Two modules significantly related to stilbene compounds (3,4′-dihydroxy-5-methoxystilbene, piceid, and 1-methyl-resveratrol) were determined by integrated transcriptomic and metabolomic analyses using WGCNA. Two key transcription factors were identified in both the modules. Several transcription factors that are involved in regulating stilbene biosynthesis have been reported [46]. MYBs are among the largest families of plant transcription factors that regulate stilbenes [47]. The Chinese wild grape VdMYB1 transcription factor might activate the gene expression of stilbenoid biosynthesis enzymes [48]. WRKY and ERF have also been found to regulate stilbene synthesis by interacting with MYB [49,50]. In the present study, HB-HD-ZIP TCP (VIT_13s0156g00260) and TCP (VIT_02s0025g04590) had positive and negative relationships, respectively, with the number of stilbene compounds (3,4′-dihydroxy-5-methoxystilbene, piceid, and 1-methyl-resveratrol). The transcription factors related to stilbene compounds that we identified were different from those identified in previous studies, and the target metabolism differed between the present and previous studies. While the previous study focused on resveratrol synthesis, our study focused on 3,4′-dihydroxy-5-methoxystilbene, piceid, and 1-methyl-resveratrol. Two key seed genes (VIT_09s0054g00610 and VIT_13s0156g00260) were identified in the turquoise and blue modules; however, their function and structure require further investigation.
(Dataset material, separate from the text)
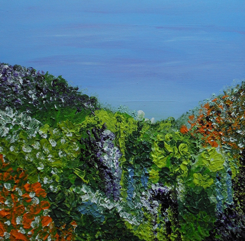 Oranje Blauw Acryl Groen Blue Canvas Tuin Doek Green Roze Flowers Lyrisch Impressionisme Pink Garden Vingerverf Field Bloemenveld Fingerpainted Nobrushes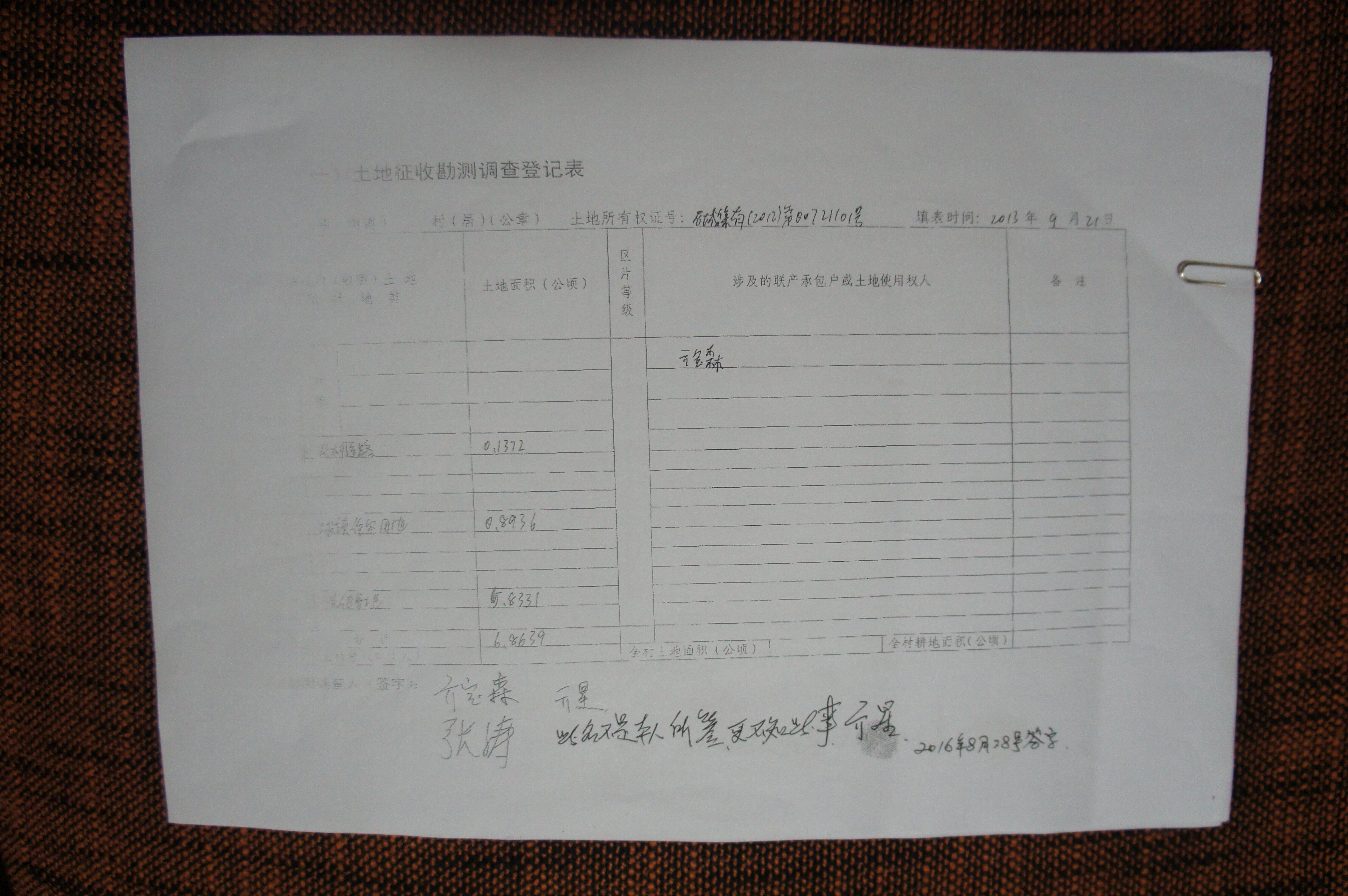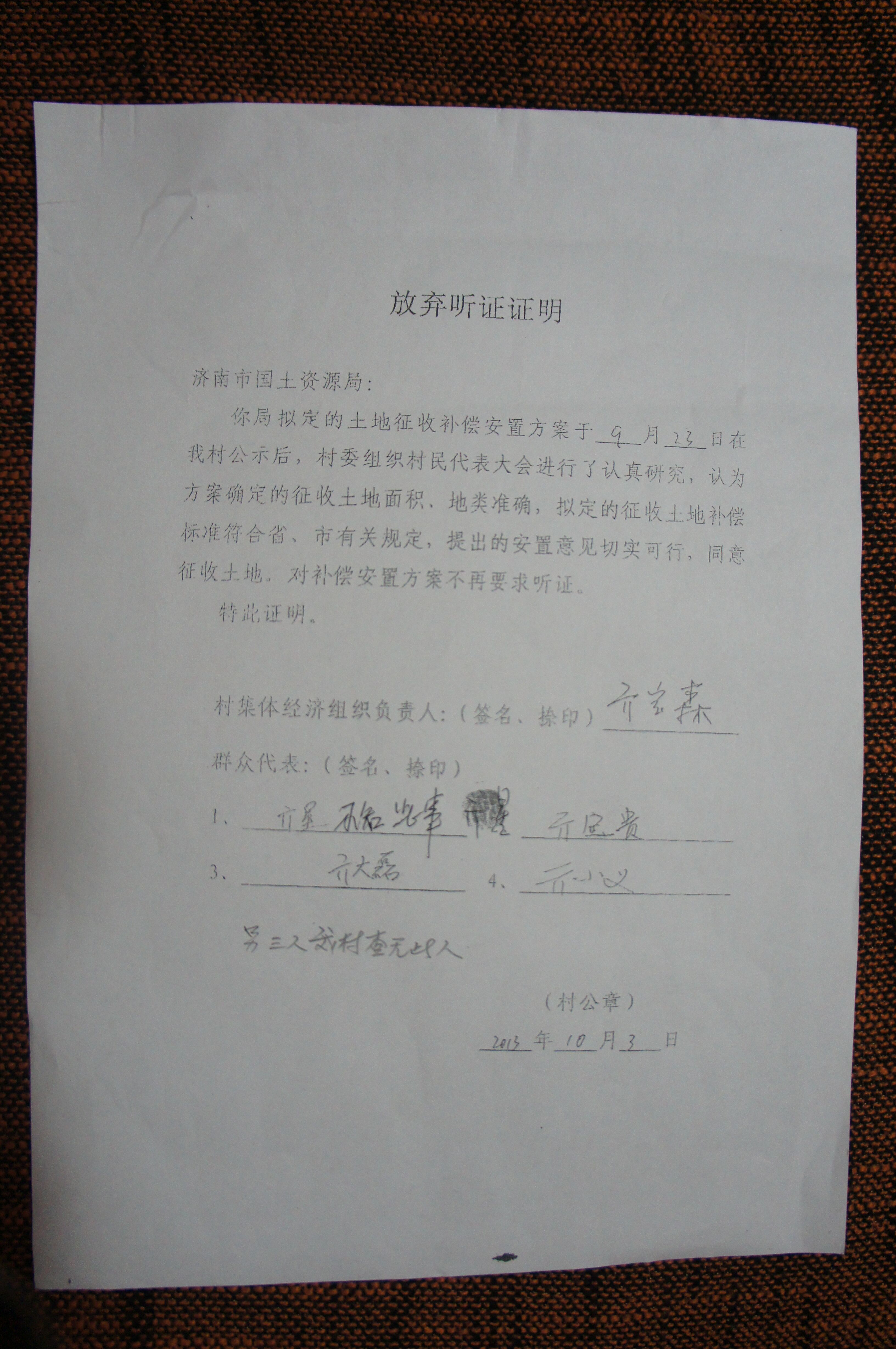 村民放棄聽證、代表簽字純屬造假。記者調閱該村2013年9月25日填寫的土地征收勘測調查登記表和2013年10月3日簽字的放棄聽證證明,發現上面皆有村民“亓星”的簽字。記者找到亓星,他明確表示,字不是他簽的,自己對此事毫不知情。在隨後進一步的調查中,記者發現,放棄聽證證明上共有4位村民簽字同意,4人中只有亓星是本村人,其餘3人的名字在亓家莊村查無此人。對此,記者追問曆城區國土資源局和華山街道國土資源所,被告知《土地征收勘測調查登記表》是由村委會提供的,勘測由第三方技術單位實施,登記表是村裏填寫的。記者拿出該村放棄聽證的造假證明材料,問其有沒有核實過?張磊、李智沒有直接做出解釋,隨後承認在征地程序上確實存在瑕疵。

In addition, the results were obtained during the grape maturity period, and all berry development periods should be considered in further research, which would provide more sufficient and comprehensive data for the study of related mechanisms.
Stilbenes, a major family of polyphenols, exhibit a wide range of pharmacological properties and various health benefits [51,52]. In our study, 10 stilbene compounds were detected, which showed a significantly increasing trend after mulch treatment (Figure 3). Resveratrol, ampelopsin F, piceid, ε-viniferintrans-resveratroll, epsilon-viniferin, and pterostilbene possess anticancer, antioxidant, anti-inflammatory, cardiovascular-protective, and anti-aging properties [53,54,55,56,57,58]. Overall, the mulching treatment used in this study may have beneficial effects on grapes.

Supplementary Materials

The following supporting information can be downloaded at https://www.mdpi.com/article/10.3390/foods13193208/s1, Table S1. Fruit quality under the control and mulch treatment; Table S2. Detected Class I compounds; Table S3. Compounds detected from classes other of Class I; Different lowercase letters indicate significant differences among groups (p < 0.05) in Tables S1 to S3. Table S4. KEGG enrichment of differential metabolites between the control and mulching; Table S5. Quality control results of transcriptional sequencing; Table S6. KEGG pathway enrichment of DEGs.

Author Contributions

Conceptualization, B.W. and W.W.; Software, B.W.; Formal analysis, B.W.; Investigation, B.W. and Z.C.; Resources, W.W. and Z.C.; Data curation, B.W., Z.W., Z.C. and X.W.; Writing—original draft, B.W.; Writing—review and editing, Z.W. and X.W.; Visualization, B.W.; Project administration, W.W.; Funding acquisition, X.W. All authors have read and agreed to the published version of the manuscript.

Funding

This research was funded by the Jiangsu Agricultural Science and Technology Innovation Fund [CX(21)2027].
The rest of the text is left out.